## What you are asked to do
Print the records below exactly, with no pictures.

## Source records
********************

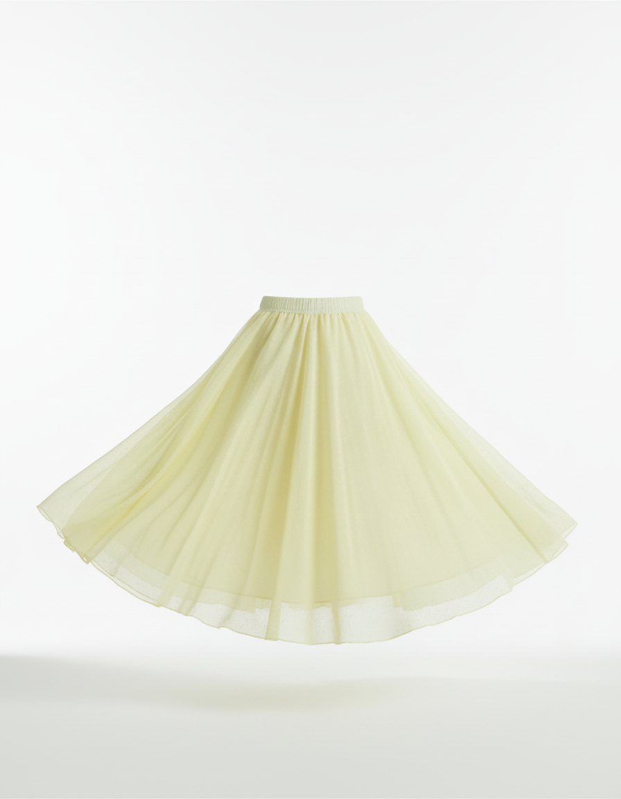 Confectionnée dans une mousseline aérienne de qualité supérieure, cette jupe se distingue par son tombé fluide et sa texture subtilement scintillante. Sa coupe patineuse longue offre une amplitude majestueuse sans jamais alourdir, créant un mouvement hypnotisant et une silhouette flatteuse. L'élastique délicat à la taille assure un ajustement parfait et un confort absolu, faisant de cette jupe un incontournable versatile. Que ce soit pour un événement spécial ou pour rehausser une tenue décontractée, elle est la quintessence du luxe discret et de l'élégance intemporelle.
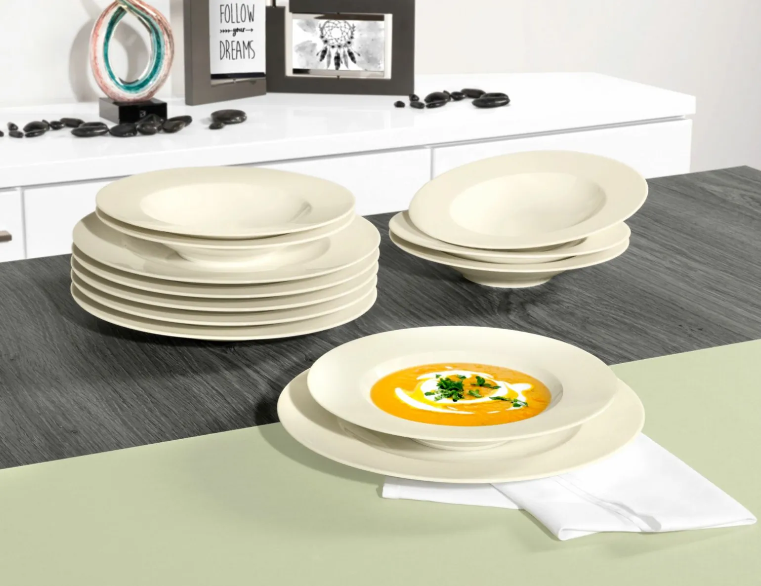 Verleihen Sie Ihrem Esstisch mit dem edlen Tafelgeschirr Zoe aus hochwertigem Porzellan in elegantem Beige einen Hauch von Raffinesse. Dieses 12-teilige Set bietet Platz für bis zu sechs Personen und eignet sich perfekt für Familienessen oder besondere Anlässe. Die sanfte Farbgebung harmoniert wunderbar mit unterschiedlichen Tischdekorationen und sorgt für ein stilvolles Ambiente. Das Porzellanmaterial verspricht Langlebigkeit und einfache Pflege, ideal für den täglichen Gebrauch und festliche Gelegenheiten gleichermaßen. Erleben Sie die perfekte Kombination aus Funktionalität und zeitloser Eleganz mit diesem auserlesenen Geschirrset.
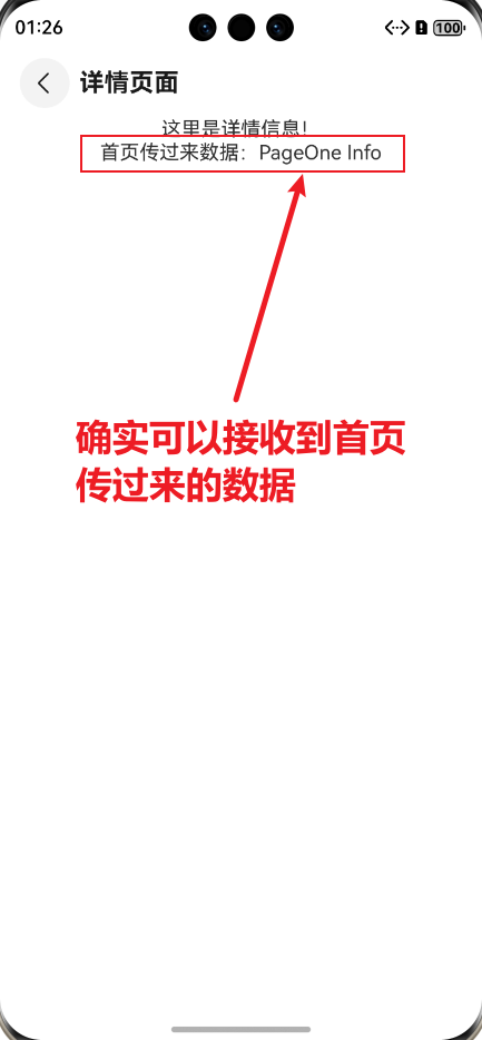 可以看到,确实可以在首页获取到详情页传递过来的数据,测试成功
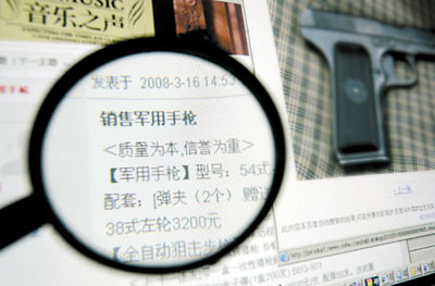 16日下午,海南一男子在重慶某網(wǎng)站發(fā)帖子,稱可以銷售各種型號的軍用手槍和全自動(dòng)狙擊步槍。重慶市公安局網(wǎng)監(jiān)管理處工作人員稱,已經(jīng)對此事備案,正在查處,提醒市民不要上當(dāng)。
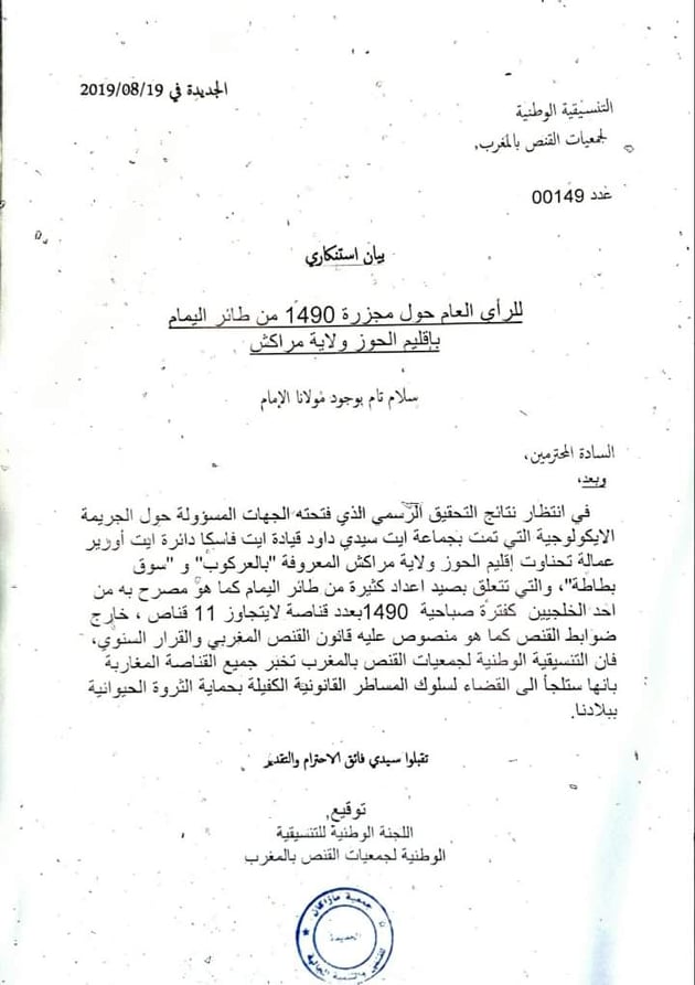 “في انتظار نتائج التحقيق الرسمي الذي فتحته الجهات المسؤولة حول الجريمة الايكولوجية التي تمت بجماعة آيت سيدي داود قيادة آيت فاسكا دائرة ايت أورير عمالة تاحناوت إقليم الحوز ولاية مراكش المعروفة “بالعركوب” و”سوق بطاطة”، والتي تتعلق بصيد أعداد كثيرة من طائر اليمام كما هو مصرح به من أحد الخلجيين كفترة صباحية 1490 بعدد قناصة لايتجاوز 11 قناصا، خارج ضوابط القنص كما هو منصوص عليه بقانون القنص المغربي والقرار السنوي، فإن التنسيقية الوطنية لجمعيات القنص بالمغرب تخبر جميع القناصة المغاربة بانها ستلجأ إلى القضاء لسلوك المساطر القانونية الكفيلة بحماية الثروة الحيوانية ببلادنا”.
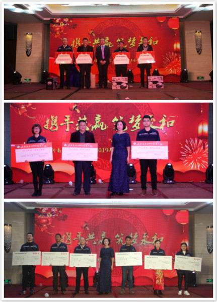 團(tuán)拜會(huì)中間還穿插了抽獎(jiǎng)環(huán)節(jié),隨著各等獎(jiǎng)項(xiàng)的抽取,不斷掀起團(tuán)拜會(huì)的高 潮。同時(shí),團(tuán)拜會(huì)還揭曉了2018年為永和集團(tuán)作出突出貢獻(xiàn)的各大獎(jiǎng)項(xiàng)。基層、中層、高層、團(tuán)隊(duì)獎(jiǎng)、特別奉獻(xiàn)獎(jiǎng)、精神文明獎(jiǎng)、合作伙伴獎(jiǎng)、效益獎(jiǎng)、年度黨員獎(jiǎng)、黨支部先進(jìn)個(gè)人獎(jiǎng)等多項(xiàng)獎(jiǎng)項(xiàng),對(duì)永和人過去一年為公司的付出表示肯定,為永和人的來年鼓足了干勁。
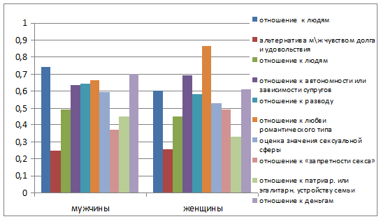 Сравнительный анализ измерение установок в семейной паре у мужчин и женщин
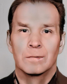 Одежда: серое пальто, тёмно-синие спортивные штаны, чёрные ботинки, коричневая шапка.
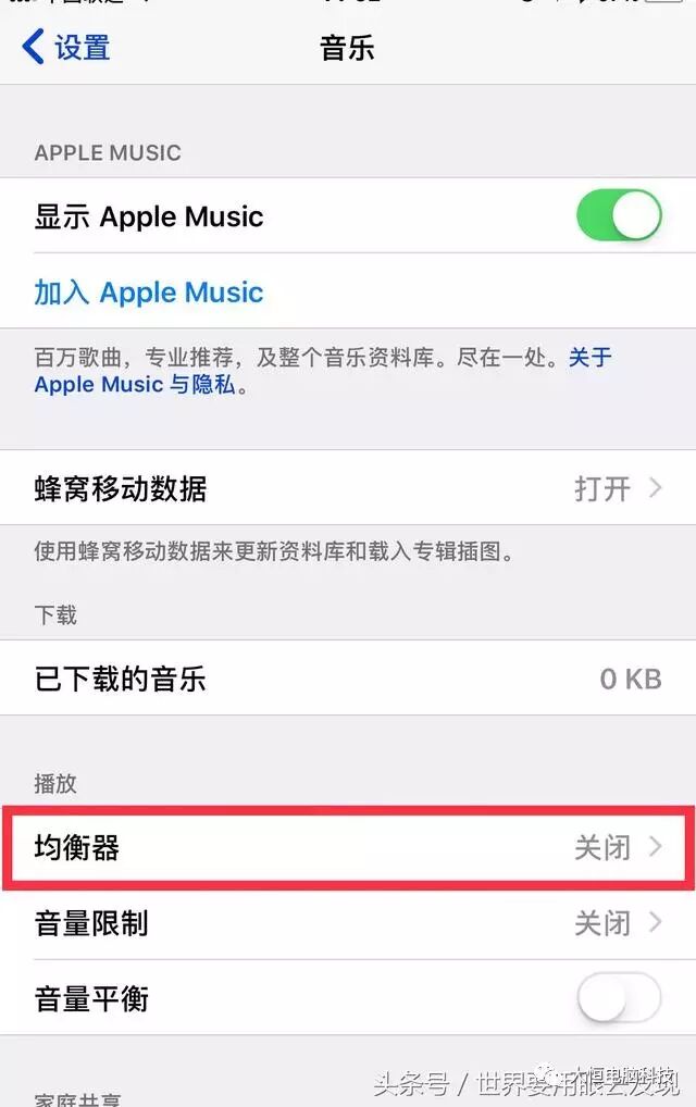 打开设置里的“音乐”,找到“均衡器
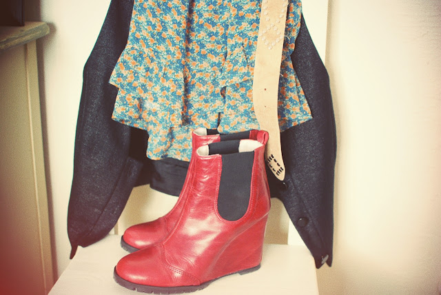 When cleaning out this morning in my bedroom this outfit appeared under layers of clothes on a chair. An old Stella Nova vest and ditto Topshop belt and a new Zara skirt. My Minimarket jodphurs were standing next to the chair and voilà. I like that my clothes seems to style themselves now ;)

********************

## Finished exercise
 Confectionnée dans une mousseline aérienne de qualité supérieure, cette jupe se distingue par son tombé fluide et sa texture subtilement scintillante. Sa coupe patineuse longue offre une amplitude majestueuse sans jamais alourdir, créant un mouvement hypnotisant et une silhouette flatteuse. L'élastique délicat à la taille assure un ajustement parfait et un confort absolu, faisant de cette jupe un incontournable versatile. Que ce soit pour un événement spécial ou pour rehausser une tenue décontractée, elle est la quintessence du luxe discret et de l'élégance intemporelle.
 Verleihen Sie Ihrem Esstisch mit dem edlen Tafelgeschirr Zoe aus hochwertigem Porzellan in elegantem Beige einen Hauch von Raffinesse. Dieses 12-teilige Set bietet Platz für bis zu sechs Personen und eignet sich perfekt für Familienessen oder besondere Anlässe. Die sanfte Farbgebung harmoniert wunderbar mit unterschiedlichen Tischdekorationen und sorgt für ein stilvolles Ambiente. Das Porzellanmaterial verspricht Langlebigkeit und einfache Pflege, ideal für den täglichen Gebrauch und festliche Gelegenheiten gleichermaßen. Erleben Sie die perfekte Kombination aus Funktionalität und zeitloser Eleganz mit diesem auserlesenen Geschirrset.
 可以看到,确实可以在首页获取到详情页传递过来的数据,测试成功
 16日下午,海南一男子在重慶某網(wǎng)站發(fā)帖子,稱可以銷售各種型號的軍用手槍和全自動(dòng)狙擊步槍。重慶市公安局網(wǎng)監(jiān)管理處工作人員稱,已經(jīng)對此事備案,正在查處,提醒市民不要上當(dāng)。
 “في انتظار نتائج التحقيق الرسمي الذي فتحته الجهات المسؤولة حول الجريمة الايكولوجية التي تمت بجماعة آيت سيدي داود قيادة آيت فاسكا دائرة ايت أورير عمالة تاحناوت إقليم الحوز ولاية مراكش المعروفة “بالعركوب” و”سوق بطاطة”، والتي تتعلق بصيد أعداد كثيرة من طائر اليمام كما هو مصرح به من أحد الخلجيين كفترة صباحية 1490 بعدد قناصة لايتجاوز 11 قناصا، خارج ضوابط القنص كما هو منصوص عليه بقانون القنص المغربي والقرار السنوي، فإن التنسيقية الوطنية لجمعيات القنص بالمغرب تخبر جميع القناصة المغاربة بانها ستلجأ إلى القضاء لسلوك المساطر القانونية الكفيلة بحماية الثروة الحيوانية ببلادنا”.
 團(tuán)拜會(huì)中間還穿插了抽獎(jiǎng)環(huán)節(jié),隨著各等獎(jiǎng)項(xiàng)的抽取,不斷掀起團(tuán)拜會(huì)的高 潮。同時(shí),團(tuán)拜會(huì)還揭曉了2018年為永和集團(tuán)作出突出貢獻(xiàn)的各大獎(jiǎng)項(xiàng)。基層、中層、高層、團(tuán)隊(duì)獎(jiǎng)、特別奉獻(xiàn)獎(jiǎng)、精神文明獎(jiǎng)、合作伙伴獎(jiǎng)、效益獎(jiǎng)、年度黨員獎(jiǎng)、黨支部先進(jìn)個(gè)人獎(jiǎng)等多項(xiàng)獎(jiǎng)項(xiàng),對(duì)永和人過去一年為公司的付出表示肯定,為永和人的來年鼓足了干勁。
 Сравнительный анализ измерение установок в семейной паре у мужчин и женщин
 Одежда: серое пальто, тёмно-синие спортивные штаны, чёрные ботинки, коричневая шапка.
 打开设置里的“音乐”,找到“均衡器
 When cleaning out this morning in my bedroom this outfit appeared under layers of clothes on a chair. An old Stella Nova vest and ditto Topshop belt and a new Zara skirt. My Minimarket jodphurs were standing next to the chair and voilà. I like that my clothes seems to style themselves now ;)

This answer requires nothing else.